On 15 Jul 2008 at 18:41, Linus Torvalds wrote:

> On Tue, 15 Jul 2008, Tiago Assumpcao wrote:
> > All I ask for is to receive the "There are updates available." message as soon
> > as one security problem is reported, understood and treated by your
> > development part. And that is, the sooner possible, if you please.
>
> Umm. You're talking to _entirely_ the wrong person.
>
> The people who want to track security issues don't run my development
> kernels. They usually don't even run the _stable_ kernels.

how do you *know*?

> They tend to
> run the kernels from some commercial distribution, and usually one that is
> more than six months old as far as I - and other kernel developers - are
> concerned.
>
> IOW, when we fix security issues, it's simply not even appropriate or
> relevant to you.

why? what makes you think that a bug fixed in 2.6.26 is not relevant to
2.6.20? do you or anyone else personally verify that? color me impressed
if you do that on every single fix you commit.
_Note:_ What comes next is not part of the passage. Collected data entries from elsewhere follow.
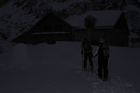 Das Ende der ersten gemeinsamen Etappe, die Winnebachseehütte bei Abenddämmerung.
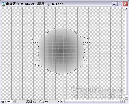 5. 设前景色为浅灰色,背景色白色,点径向渐变,由选区中心向外拉。(图6)
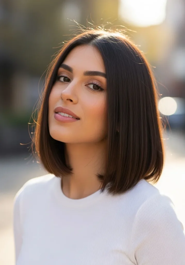 I love how this kind of sleek lob makes my hair look fuller without needing a ton of styling. The blunt edges give me that quiet volume I’m always chasing and the shine makes it feel like I suddenly have way more hair than I actually do. It is simple, elegant, and honestly one of those styles that makes me feel instantly put together even on the laziest mornings.

> More importantly, when we fix them, your vendor probably
> won't have the fix for at least another week or two in most cases anyway.

correct, but also irrelevant, see below.

> So ask yourself - what would happen if I actually made a big deal out of
> every bug we find that could possibly be a security issue. HONESTLY now!

why do you and others keep exaggerating of what is (well, was) expected from
you? what's with this 'big deal' business? can't you image a middle ground
where you simply just state what you know? say, my category 1-2 i talked
about before.

> We'd basically be announcing a bug that (a) may not be relevant to you,
> but (b) _if_ it is relevant to you, you almost certainly won't actually
> have fixed packages until a week or two later available to you!
>
> Do you see?
>
> I would not actually be helping you. I'd be helping the people you want to
> protect against!

your argument rests on a fallacy that we discussed already but you keep
coming back with it. what makes you think that people exploiting kernel
bugs *rely* on your marking security bugs as such? they do *not*. they
are smarter (read: domain experts) than you or anyone else on lkml. they
will most likely spot the security issue when you *introduce* it, not
when you *fix* it. in other words, you are only helping the attackers by
withholding security information, not your users.